También con tono de homenaje se presenta el
concierto del trío encabezado por el espléndido
guitarrista John Scofield, uno de los integrantes del
denominado big three junto a Pat Metheny y Bill Frisell.
En este caso a la figura y obra del baterista del Miles
Davis Quintet Tony Williams. Bien, supongo que en realidad
quien encabeza el proyecto es el también baterista
Jack DeJohnette, lo que ocurre es que citar a Scofield
es mentar las palabras mayores. Disculpas, pues.
JAZZ MODERNO
El Cartagena Jazz dedica las fechas del fin
de semana, como viene siendo habitual, al jazz más
moderno, vanguardista, bastardo o como prefieran denominarlo.

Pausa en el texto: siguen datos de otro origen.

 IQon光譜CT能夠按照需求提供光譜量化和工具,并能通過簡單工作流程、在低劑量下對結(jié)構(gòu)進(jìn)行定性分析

¿Una llamada al público joven? Supongo
que sí, pero tengas la edad que tengas te sugiero
no te pierdas el concierto de Erik Truffaz. El trompetista
francés es uno de los músicos más
certeros a la hora de transgredir las fronteras del
jazz y acercarlo a eso que se llama contemporaneidad.

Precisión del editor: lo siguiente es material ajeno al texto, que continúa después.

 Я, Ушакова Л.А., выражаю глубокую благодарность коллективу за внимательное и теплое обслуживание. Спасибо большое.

No me atrevería a hablar de redefinición,
ni siquiera de osadía, pero sí de una
cierta audacia y de una capacidad para jugar con las
texturas así como con los cambios de intensidad
y ritmo.
Menos vanguardista que, por ejemplo, Hans-Petter Molvaer
-quien por cierto ya estuvo en el festival-, pero a
cambio más variado en su propuesta que aúna
electrónica -elektro, hip-hop, drumnbass-,
jazz y rock. Los temas de Truffaz a menudo se sostienen
sobre uno de estos dos géneros. Los mezcla y
llega a recordar a los pioneros de principios de los
setenta, pero cuando la base es rock no hablo de un
regusto o una connotación, sino de puro rock
contundente y sólido. Un concierto, insisto siempre
a priori, de alto interés en el que también
actuará Wagon Cookin, una de las propuesta
españolas mejor recibidas con base en el jazz.
Aunque lo suyo se enmarca mejor dentro del pop, caso
similar al de Mojo Project, cuyo concierto cerrará
festivamente la XXIV edición del Cartagena Jazz.
Nada tan cálido como el jazz en otoño.